### Aim of the task
Range to reproduce from the entries below: the line with "for doing whatever", the line with "目前网商银行针对各产业内的中", and every line in between. Give them exactly and give nothing else.

[Supplied entries — start]

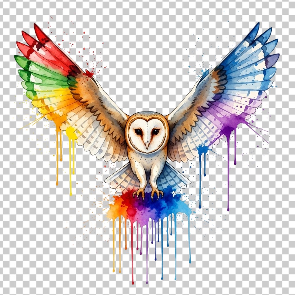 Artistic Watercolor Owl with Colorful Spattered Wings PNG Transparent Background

[Supplied entries — finish]
[Supplied entries — start]

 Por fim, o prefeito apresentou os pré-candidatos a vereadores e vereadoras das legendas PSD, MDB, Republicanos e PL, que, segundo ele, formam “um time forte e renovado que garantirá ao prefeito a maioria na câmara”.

[Supplied entries — finish]
[Supplied entries — start]

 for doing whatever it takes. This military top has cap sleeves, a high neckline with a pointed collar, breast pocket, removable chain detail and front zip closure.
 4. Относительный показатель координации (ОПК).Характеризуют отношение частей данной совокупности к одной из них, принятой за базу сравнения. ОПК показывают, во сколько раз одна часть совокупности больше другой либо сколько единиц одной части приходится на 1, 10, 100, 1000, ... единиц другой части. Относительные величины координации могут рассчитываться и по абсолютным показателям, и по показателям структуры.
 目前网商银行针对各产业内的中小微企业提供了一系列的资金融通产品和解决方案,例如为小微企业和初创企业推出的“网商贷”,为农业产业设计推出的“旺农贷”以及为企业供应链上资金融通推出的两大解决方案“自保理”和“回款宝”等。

[Supplied entries — finish]

### Task result
 for doing whatever it takes. This military top has cap sleeves, a high neckline with a pointed collar, breast pocket, removable chain detail and front zip closure.
 4. Относительный показатель координации (ОПК).Характеризуют отношение частей данной совокупности к одной из них, принятой за базу сравнения. ОПК показывают, во сколько раз одна часть совокупности больше другой либо сколько единиц одной части приходится на 1, 10, 100, 1000, ... единиц другой части. Относительные величины координации могут рассчитываться и по абсолютным показателям, и по показателям структуры.
 目前网商银行针对各产业内的中小微企业提供了一系列的资金融通产品和解决方案,例如为小微企业和初创企业推出的“网商贷”,为农业产业设计推出的“旺农贷”以及为企业供应链上资金融通推出的两大解决方案“自保理”和“回款宝”等。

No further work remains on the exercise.